Letting Go: How Philanthropists and Impact Investors Can Do More Good by Giving Up Control, by Ben Wrobel and Meg Massey. Published independently; 2021; 246 pp; ISBN HB 9780578858616
Modern Grantmaking: A Guide for Funders Who Believe Better Is Possible, by Gemma Bull and Tom Steinberg. Modern Grantmaking; 2021; 330 pp; ISBN 9781838487904
Has generational change finally come for philanthropy? Or, putting it another way, has philanthropy come to a time of reckoning that may lead to significant reform in the field? Yes, answer two new books about the practices of grantmaking and social investing. The books are among the first to emerge for philanthropic practitioners under the world-shaking influence of the pandemic, which has broken long-standing assumptions, biases, and behaviours in grantmaking philanthropy. And both provide a window into the thinking and activism of a new generation of grantmakers and investors.
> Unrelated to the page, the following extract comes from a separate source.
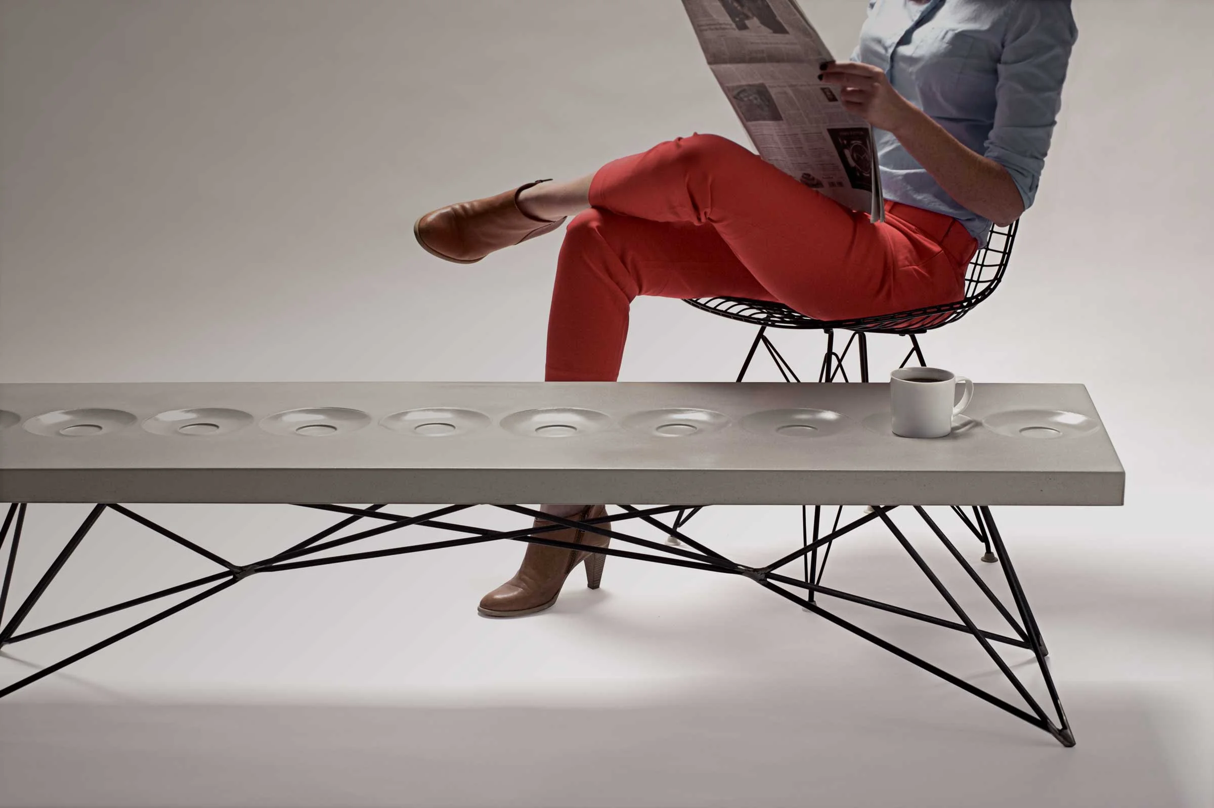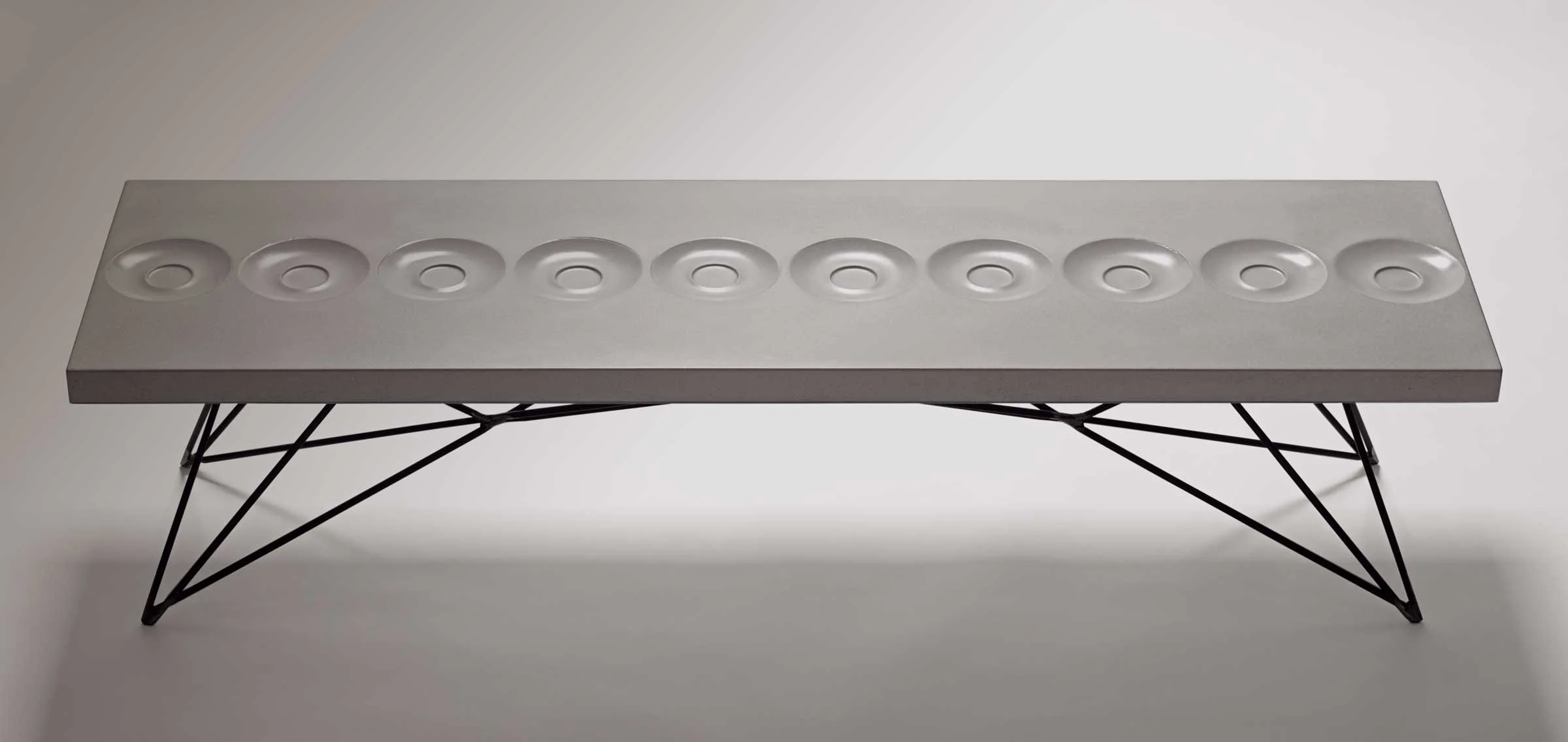 Set into the concrete surface are ten recessed coffee saucers, perfectly sized for cups. After all, shouldn’t a coffee table actually be built for coffee? It’s a touch of whimsical functionality that feels like something straight out of a Seinfeld episode - the same spirit as Kramer’s coffee table book about coffee tables, only this one is built to last for centuries.

Skeptics would point out that grantmaking foundations are not known for moving quickly or living on the “edge.” The practices of institutional grantmaking have been remarkably slow to evolve. Gemma Bull and Tom Steinberg, the authors of Modern Grantmaking and former senior staff members at the UK National Lottery Community Fund, describe the grantmaking field as made up of “dedicated employees trapped within creaking systems and outdated conventions.” They note the continuing lack of professional development in grantmaking that is all too obvious even in a maturing philanthropic sector.
Ben Wrobel and Meg Massey, American social sector strategists and the authors of Letting Go, comment that the larger institutional foundations, which are pacesetters for the field in the United States, are slower to respond to trends and can be skeptical of major structural innovations. Nevertheless, both sets of authors are hopeful that grantmaking can and will evolve more rapidly in the 2020s, driven by internal and external forces for change, such as staff demand for better tools and community expectations for greater engagement. Indeed, Bull and Steinberg dedicate their book to the “reformers” in the field, while Wrobel and Massey dedicate theirs to the “ones letting go and the ones stepping up.”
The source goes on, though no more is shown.